ACTION ITEM
Retype, please, the listing from its opening line through the line that contains "電動耕運機 耕運機 充電式", both included, without the pictures.

Start of DATASET RECORDS

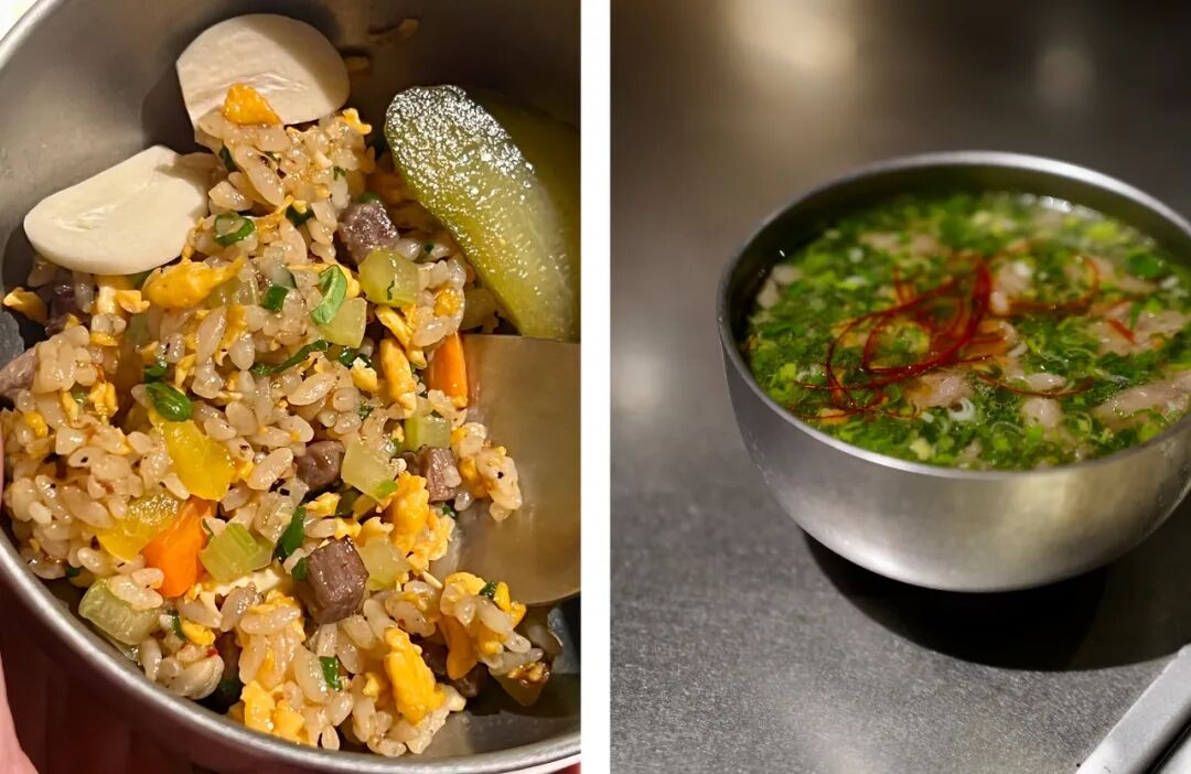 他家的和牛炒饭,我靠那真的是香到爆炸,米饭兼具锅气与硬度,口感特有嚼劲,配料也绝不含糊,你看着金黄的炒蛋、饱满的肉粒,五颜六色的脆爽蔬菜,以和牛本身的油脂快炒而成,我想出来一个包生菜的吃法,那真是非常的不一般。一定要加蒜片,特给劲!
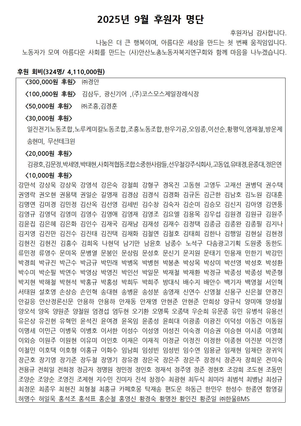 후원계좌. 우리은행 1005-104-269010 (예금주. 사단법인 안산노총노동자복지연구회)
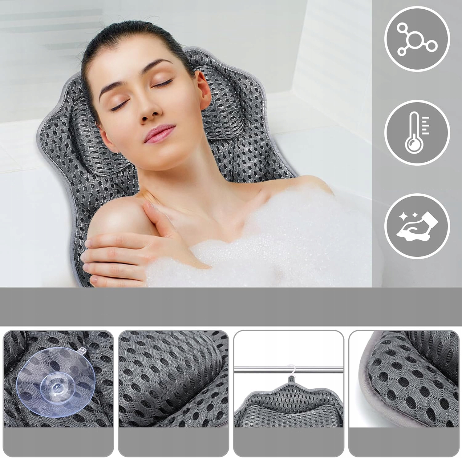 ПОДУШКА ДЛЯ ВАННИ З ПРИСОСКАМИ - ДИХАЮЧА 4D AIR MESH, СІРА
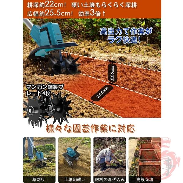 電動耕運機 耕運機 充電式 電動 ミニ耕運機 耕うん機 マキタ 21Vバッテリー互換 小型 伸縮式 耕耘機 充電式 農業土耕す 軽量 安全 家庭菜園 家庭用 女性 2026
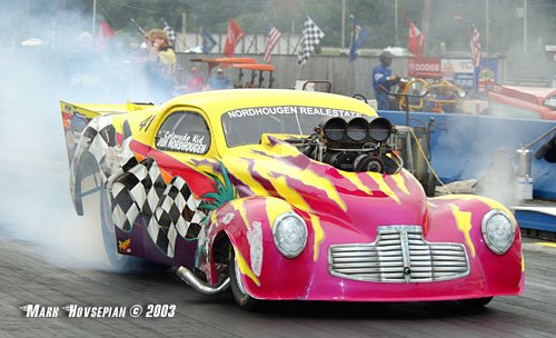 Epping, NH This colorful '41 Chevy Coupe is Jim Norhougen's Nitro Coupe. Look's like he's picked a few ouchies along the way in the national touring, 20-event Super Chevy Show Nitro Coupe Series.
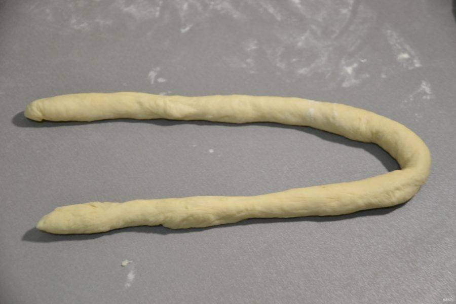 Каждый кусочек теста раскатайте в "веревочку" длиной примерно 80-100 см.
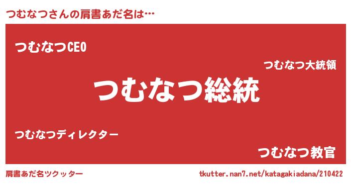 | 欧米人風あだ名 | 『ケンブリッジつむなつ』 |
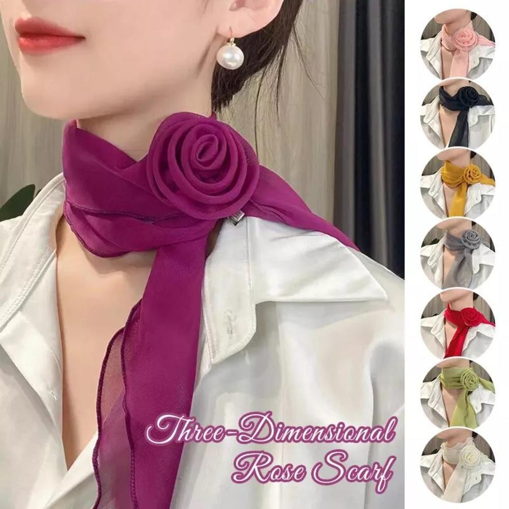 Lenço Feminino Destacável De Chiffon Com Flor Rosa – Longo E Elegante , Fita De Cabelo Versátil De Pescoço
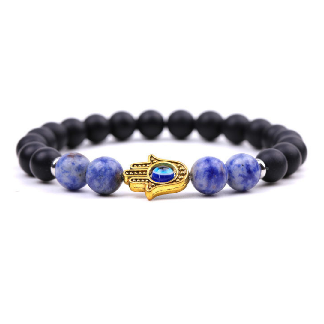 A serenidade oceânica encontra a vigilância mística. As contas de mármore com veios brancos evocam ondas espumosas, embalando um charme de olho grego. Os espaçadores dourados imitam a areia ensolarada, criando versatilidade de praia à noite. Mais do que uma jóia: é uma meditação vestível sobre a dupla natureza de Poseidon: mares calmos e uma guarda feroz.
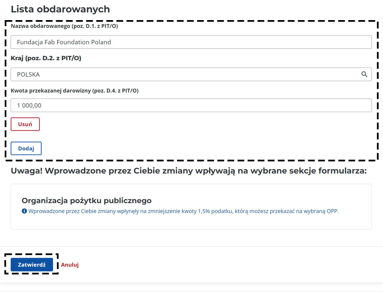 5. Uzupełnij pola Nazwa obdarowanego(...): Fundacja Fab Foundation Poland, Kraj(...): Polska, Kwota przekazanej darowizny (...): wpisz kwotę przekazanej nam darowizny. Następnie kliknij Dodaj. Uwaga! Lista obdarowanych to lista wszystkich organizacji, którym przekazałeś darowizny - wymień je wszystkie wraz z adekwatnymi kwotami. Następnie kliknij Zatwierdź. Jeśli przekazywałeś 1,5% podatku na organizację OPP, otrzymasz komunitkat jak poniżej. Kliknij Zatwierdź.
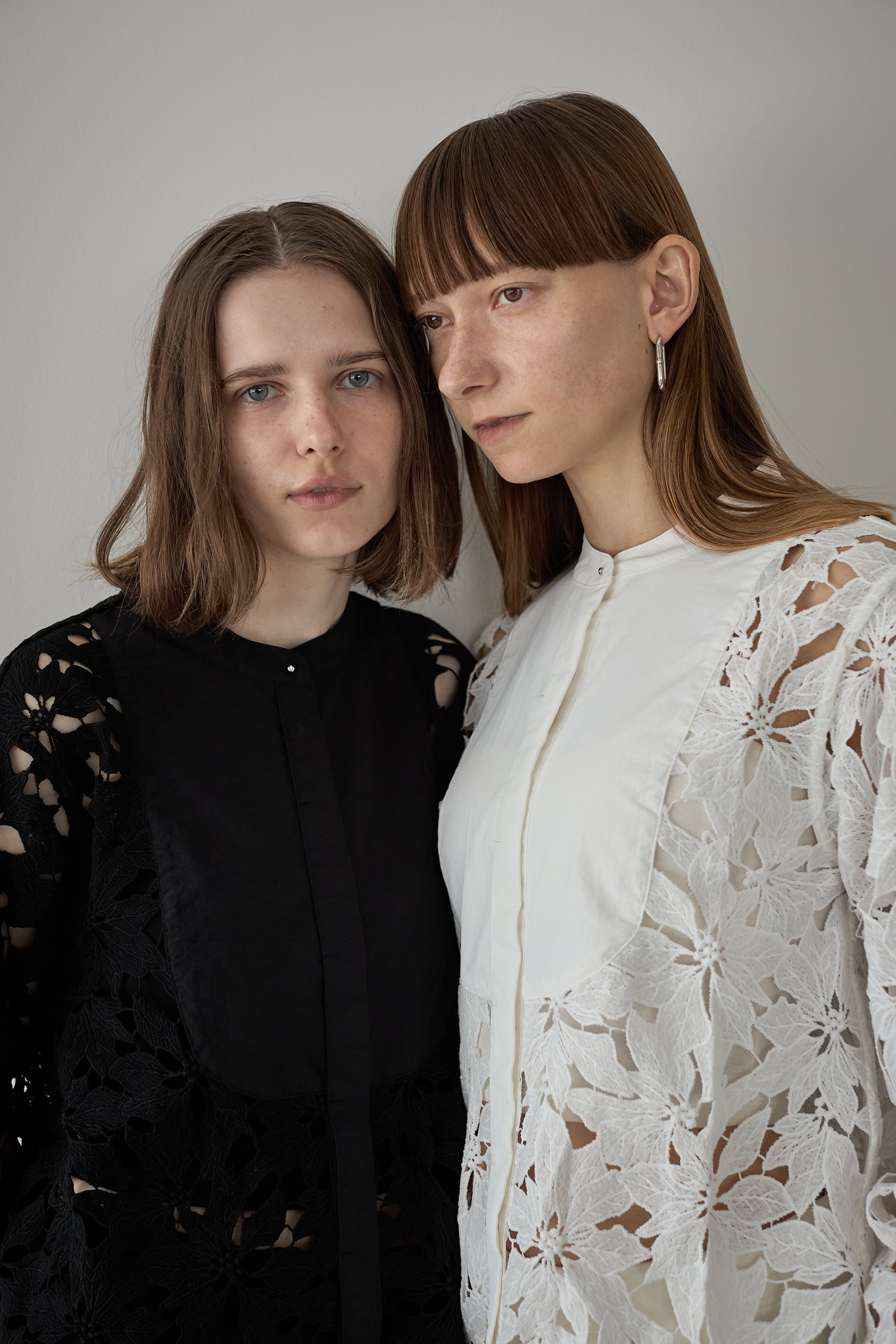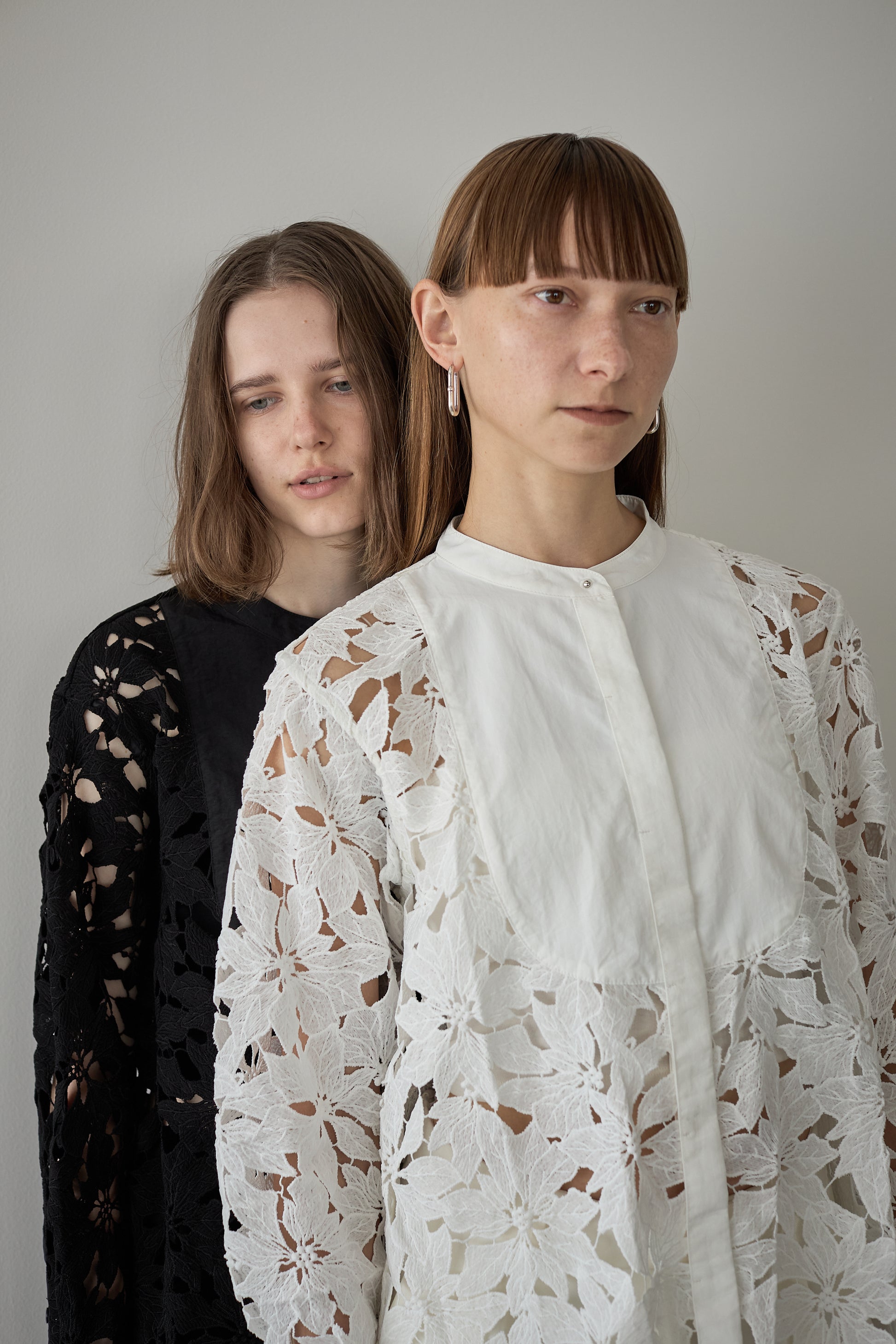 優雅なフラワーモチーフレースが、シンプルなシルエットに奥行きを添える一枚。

End of DATASET RECORDS

WRITTEN ANSWER
 他家的和牛炒饭,我靠那真的是香到爆炸,米饭兼具锅气与硬度,口感特有嚼劲,配料也绝不含糊,你看着金黄的炒蛋、饱满的肉粒,五颜六色的脆爽蔬菜,以和牛本身的油脂快炒而成,我想出来一个包生菜的吃法,那真是非常的不一般。一定要加蒜片,特给劲!
 후원계좌. 우리은행 1005-104-269010 (예금주. 사단법인 안산노총노동자복지연구회)
 ПОДУШКА ДЛЯ ВАННИ З ПРИСОСКАМИ - ДИХАЮЧА 4D AIR MESH, СІРА
 電動耕運機 耕運機 充電式 電動 ミニ耕運機 耕うん機 マキタ 21Vバッテリー互換 小型 伸縮式 耕耘機 充電式 農業土耕す 軽量 安全 家庭菜園 家庭用 女性 2026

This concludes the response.